Haslett's first chapter provides a wonderful survey of how the Don Juan legend changed over time, responding to specific political and historical circumstances. Tirso de Molina imbued Don Juan with vitality, charm, and moral ambiguity, Haslett argues, while Villiers, Dorimon, Rosimond, and Shadwell created a "thoroughly villainous" hero (33). In England, Don Giovanni was performed sixty-three times between 1817 and 1819, inspiring a spate of burlesques and pantomimes. Keats reviewed one of the more popular of these, Harlequin's Vision, and the Shelleys, Hogg, Peacock, and Claire Clairmont all attended a performance of Mozart's Don Giovanni (1818) that same year, only months before Shelley visited Byron in Italy and the poet began composing Don Juan (61-62). Caroline Lamb's Glenarvon (a woman's response to the Don Juan myth) and Coleridge's "Critique of Bertram" are also adduced as examples of how Don Juan preoccupied English audiences well before Byron chose this eponymous hero as the subject of his poem.

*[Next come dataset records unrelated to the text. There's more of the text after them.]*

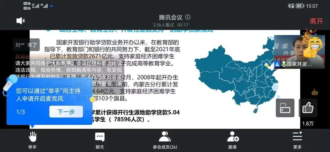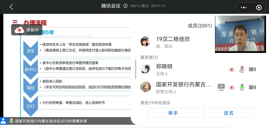 特邀国家开发银行工作人员在线上为我校师生进行以助学贷款业务政策介绍和金融知识普及的专题讲座,引导员工珍爱信用、理性借贷,提高员工征信意识、金融意识、风险意识、法律意识,增强责任感,帮助员工树立正确的消费观、价值观、荣辱观。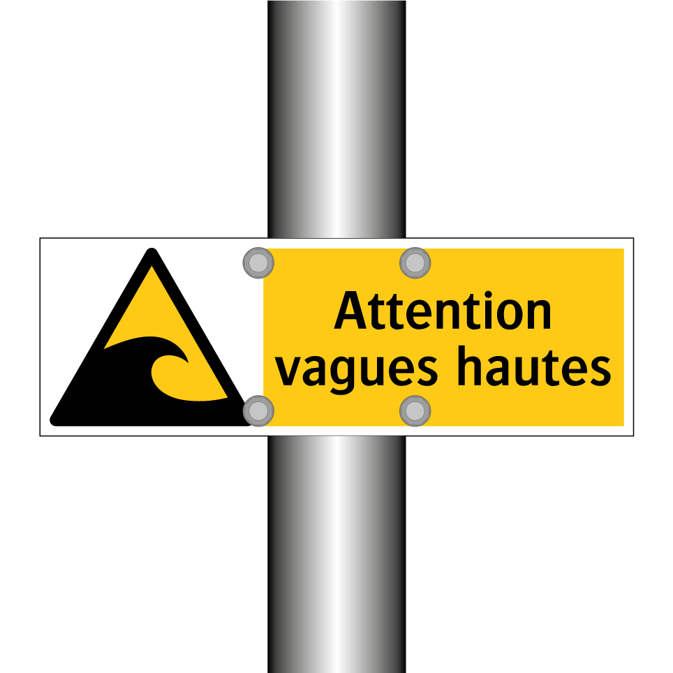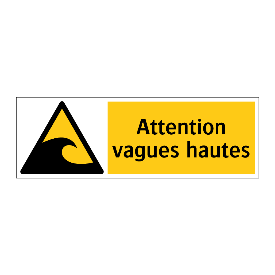 Panneau d'avertissement avec le texte : "Attention vagues hautes"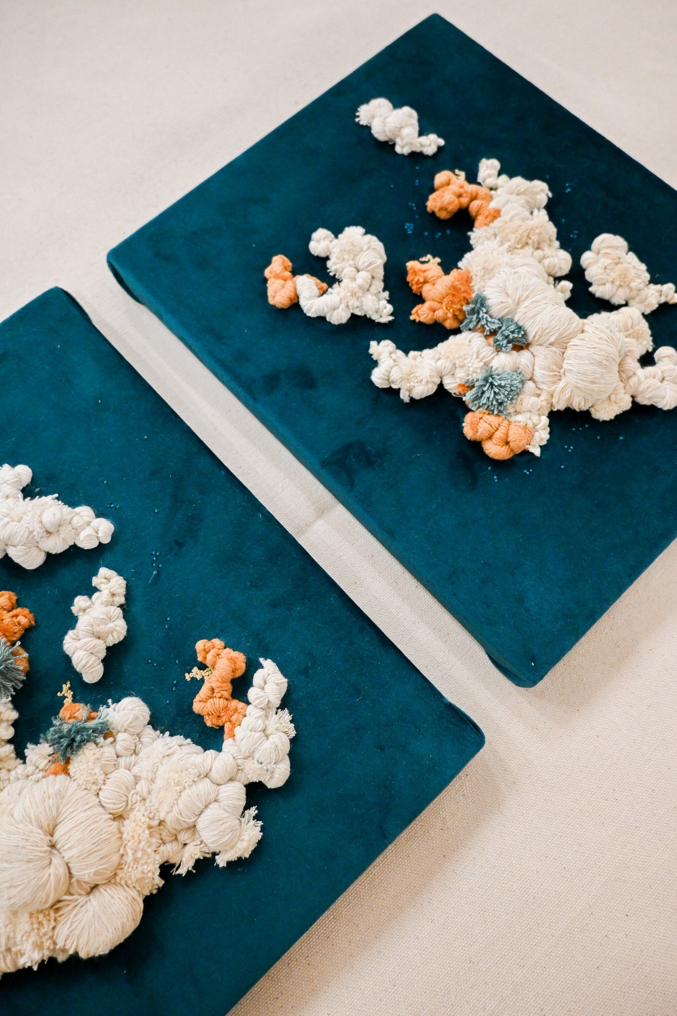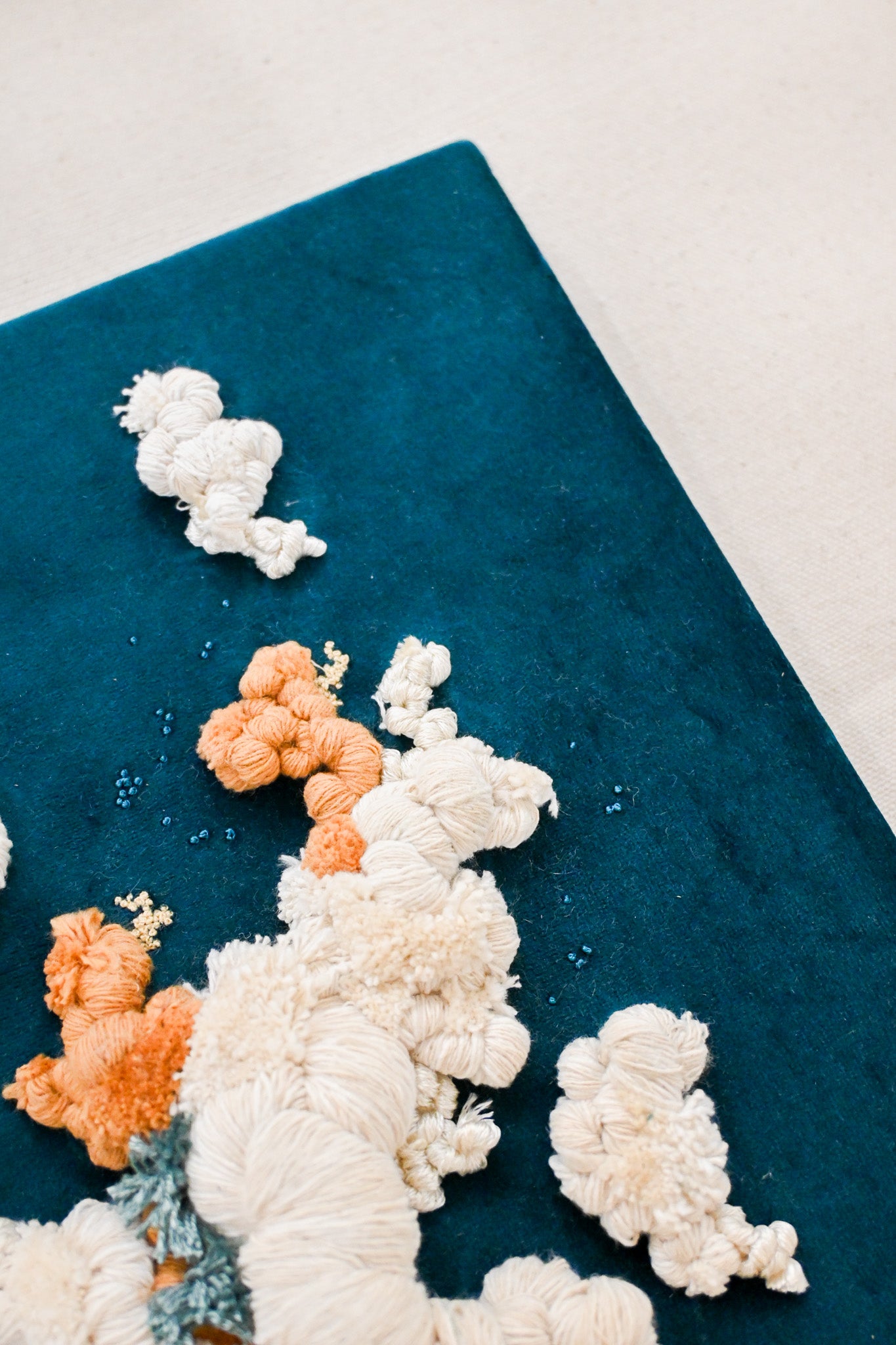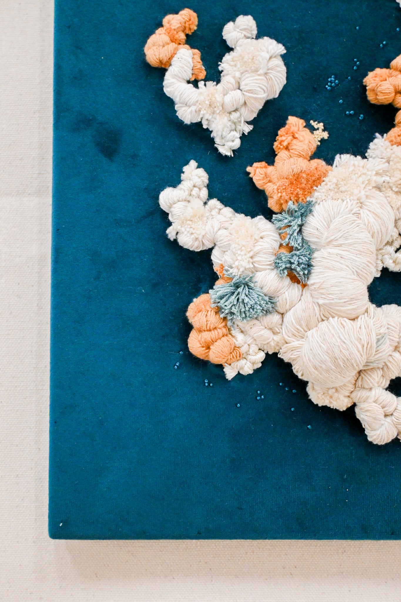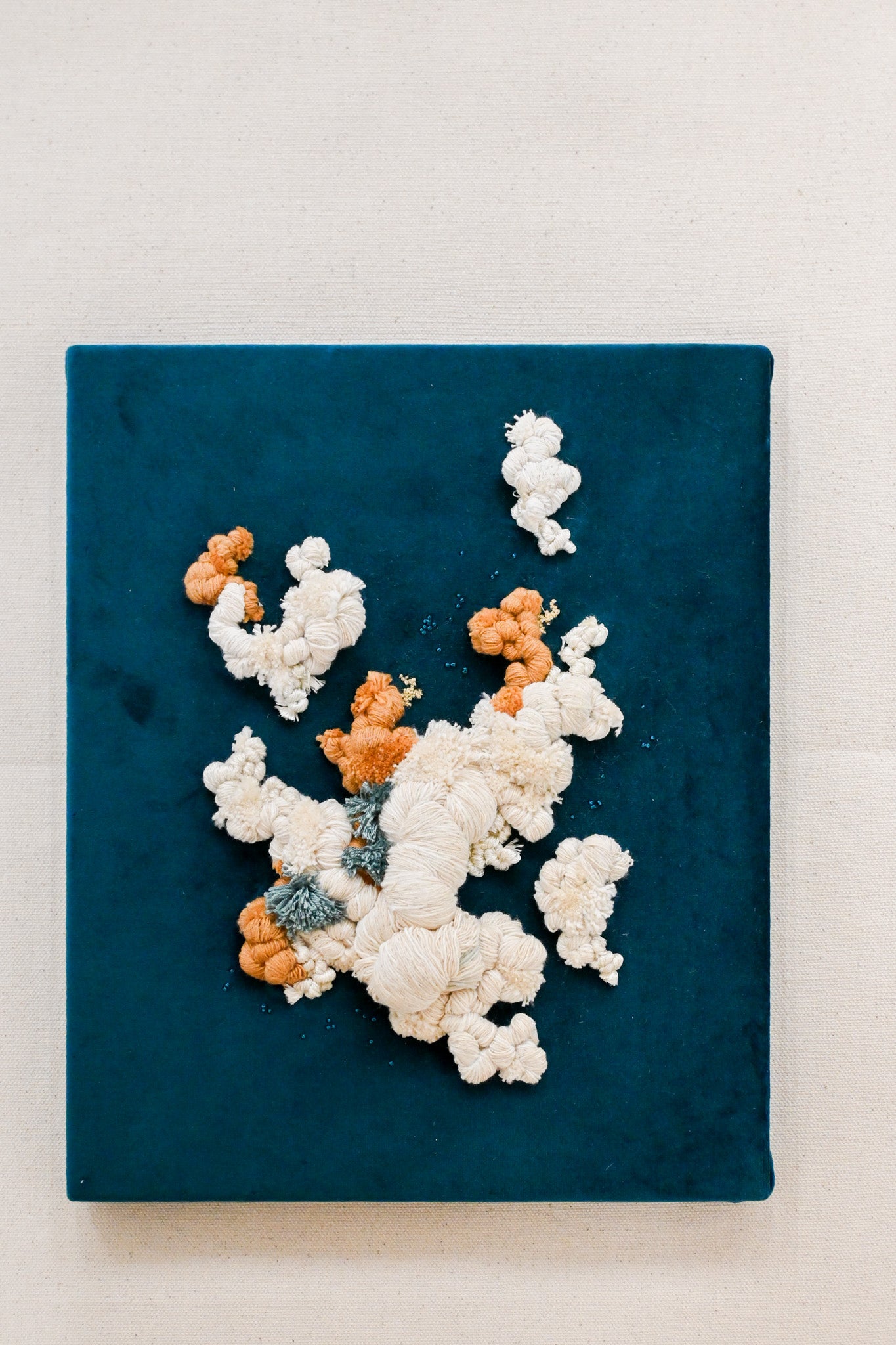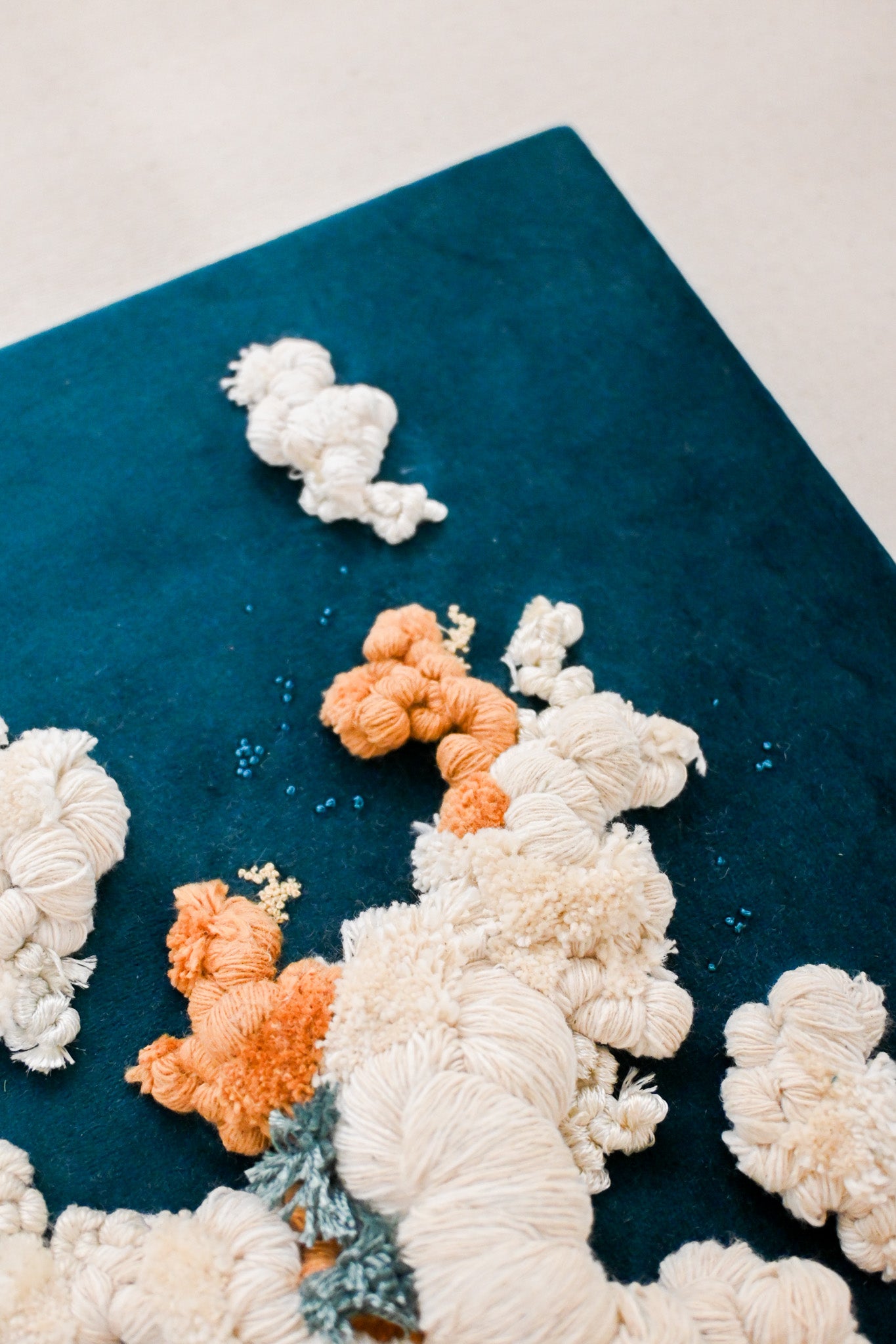 Textile wall piece embroidered over a deep teal velvet background using a variety of cotton threads and fibers. Inspired by the organic beauty of coral formations, this relief composition explores texture, movement, and softness through sculptural stitching.

Haslett reviews this material in order to argue that Byron's contemporaries read his poem in terms of the enormously popular stage version (72). "In all, seventeen periodicals invoked the theatrical Don Juan legend in their reviews of Byron's poem between 1819 and 1823, and many more referred consistently to the character of Don Juan as that of a libertine" (80). Yet the fact that reviewers confused Byron's hero with the stage version does not mean that such a confusion is justified. Throughout her study, however, Haslett seems to be insisting on precisely this, the most implausible of her points--that Byron's hero is a libertine seducer who resembles the stage legend. As belabored as the thesis is, I was not convinced by the end of this study, though I am grateful for the excerpts from the theater playbills m the British Library which Haslett uses to make her case.

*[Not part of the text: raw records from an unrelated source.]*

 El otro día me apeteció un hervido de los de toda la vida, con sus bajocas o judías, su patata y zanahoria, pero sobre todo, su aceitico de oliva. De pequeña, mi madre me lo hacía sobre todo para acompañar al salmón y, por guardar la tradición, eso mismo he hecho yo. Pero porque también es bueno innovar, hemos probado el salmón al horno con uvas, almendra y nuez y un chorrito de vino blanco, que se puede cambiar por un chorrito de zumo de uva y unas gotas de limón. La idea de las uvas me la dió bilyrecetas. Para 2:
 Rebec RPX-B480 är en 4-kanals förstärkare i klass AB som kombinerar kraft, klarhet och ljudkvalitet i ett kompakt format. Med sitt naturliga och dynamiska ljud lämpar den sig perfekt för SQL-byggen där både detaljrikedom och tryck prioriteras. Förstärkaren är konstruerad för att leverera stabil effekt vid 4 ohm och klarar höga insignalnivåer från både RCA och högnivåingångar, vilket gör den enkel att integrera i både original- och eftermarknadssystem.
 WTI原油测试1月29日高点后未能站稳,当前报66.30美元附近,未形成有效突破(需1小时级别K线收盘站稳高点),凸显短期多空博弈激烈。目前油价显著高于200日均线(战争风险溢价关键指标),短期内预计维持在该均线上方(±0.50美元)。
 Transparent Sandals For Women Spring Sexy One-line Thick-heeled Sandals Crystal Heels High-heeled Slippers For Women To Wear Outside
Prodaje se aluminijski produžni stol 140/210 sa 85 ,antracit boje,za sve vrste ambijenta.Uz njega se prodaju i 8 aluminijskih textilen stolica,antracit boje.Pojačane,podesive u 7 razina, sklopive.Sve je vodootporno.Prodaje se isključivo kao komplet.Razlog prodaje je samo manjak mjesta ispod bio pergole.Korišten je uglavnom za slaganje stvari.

In her second chapter, Haslett focuses on disproving the image of a Don Juan more seduced than seducing. Like most critics of Byron's poem, W. H. Auden thought the hero of Don Juan comparatively chaste and George Bernard Shaw thought him not nearly blasphemous enough, as in Shadwell's and Moliere's plays (123). Haslett disagrees. "Those critics [like Auden] who underestimate the extent of Don Juan's sexual encounters have ignored the significance of innuendo," she states, and finds "a new tally of at least eleven romantic or flirtatious adventures" (114). The point about innuendo is well-taken, but it is hard to believe that Juan's love affair with Haidee is "tinged with mercenary motives" (94), or that Juan seduces Gulbeyaz (Haslett shifts terms here by calling Juan's seduction an "encounter" [114]). Like Auden, George Bernard Shaw thought that Juan was merely sowing his wild oats. For Haslett, Shaw typically misreads Juan as innocent because he has been seduced by the legend and by the narrator's representations of that legend (123). By tolerating Don Juan's indiscretions, Shaw falls into the trap Byron has set of encouraging his readers to "confound [] liberty with licence" (124).

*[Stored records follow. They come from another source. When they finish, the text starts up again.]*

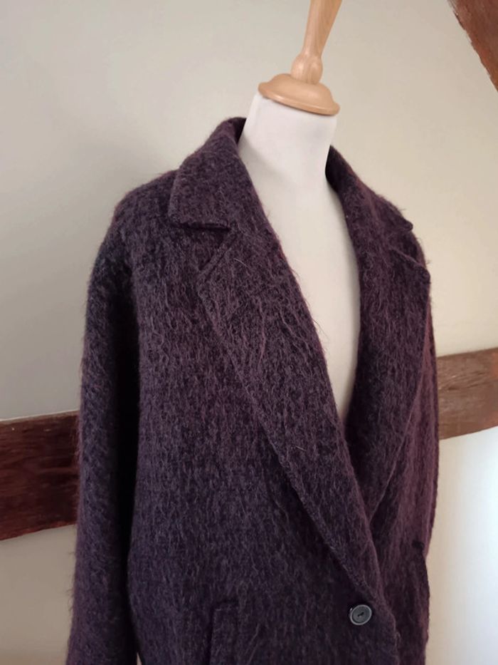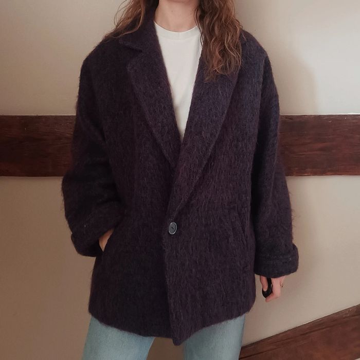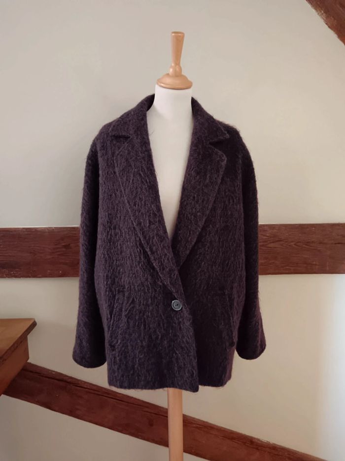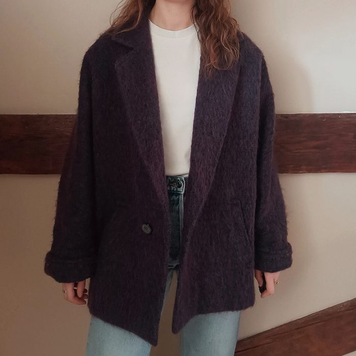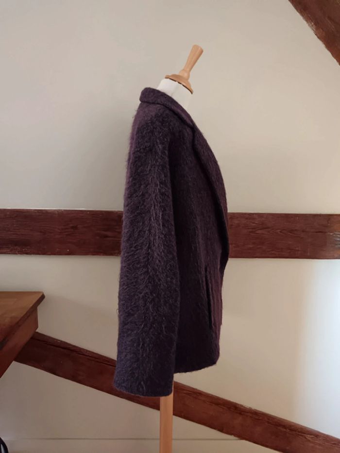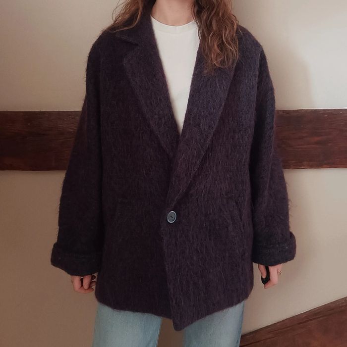 Pas d'envoi Vinted go, merci - ✨ Manteau court coupé ample oversize, manches larges, grand col revers et poches Coloris bleu marine foncé chiné violet Made in France, vintage circa années 60/70 90% laine 10% mohair, entièrement doublé Très bon état Taille 40 ou 42 estimée Je le porte sur un 36 sur les photos et mesure 1m61 📏 Dimensions à plat : largeur poitrine 59cm, longueur 76cm, longueur manches à partir du col 76cm, largeur bas 56cm ⚠️ Étant une entreprise déclarée payant des charges, merci de respecter mon travail en ne le bradant pas 🙏 #desibellesfripes40 #desibellesfripes42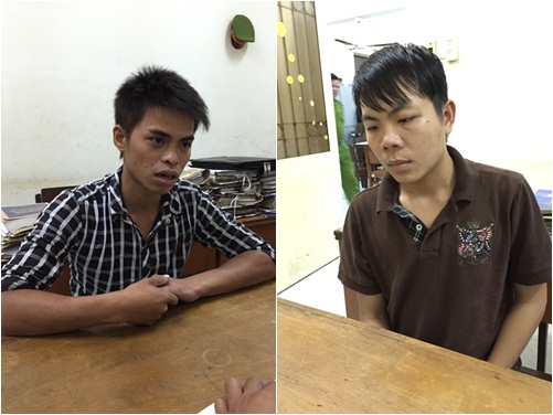 Nguyễn Tuấn Vũ (bên trái) và Phạm Đức Nguyên tại cơ quan công an (Ảnh: Báo Người lao động)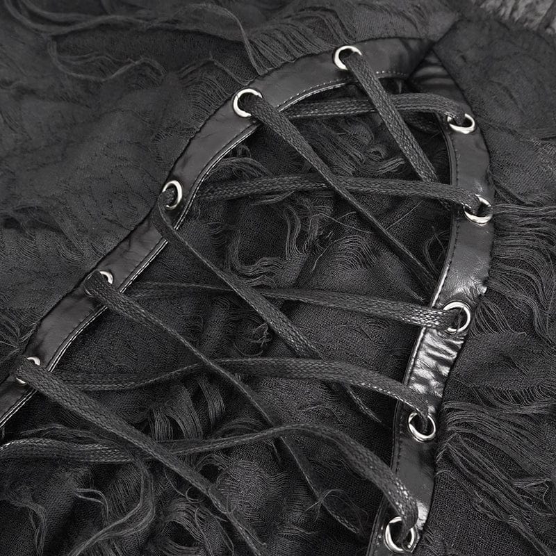 Women's Gothic Lace Ripped Hem Dress with Arm Sleeves

Haslett's more persuasive third chapter discusses the political implications of a Don Juan. Murray's timid manner of publishing the poem "with copious asterisks and blanks" (148) invited piracy by radical publishers, where the poem ultimately found its widest audience. "Don Juan in quarto and on hot-pressed paper would have been almost innocent," the Quarterly Review noted in 1822, "In a whity-brown duodecimo it was one of the most mischievous publications which have made the press a snare" (151). Yet the rise of middle-class morality, spearheaded by the Evangelical movement, percolated downward to alter working-class attitudes towards sexuality as well: "at the time of Don Juan's writing (1819-24) ," Haslett explains, "sexual libertarianism was becoming untypical of the radical movement as a whole, which increasingly spoke the language of sexual virtue and marriage" (160-61). Well-researched discussions of the aristocratic Don Juan and Anacharsis Clootz as Don Juan close this fine chapter. Haslett shows how Byron's hero was distinctly aristocratic despite his increasingly working-class readership (184).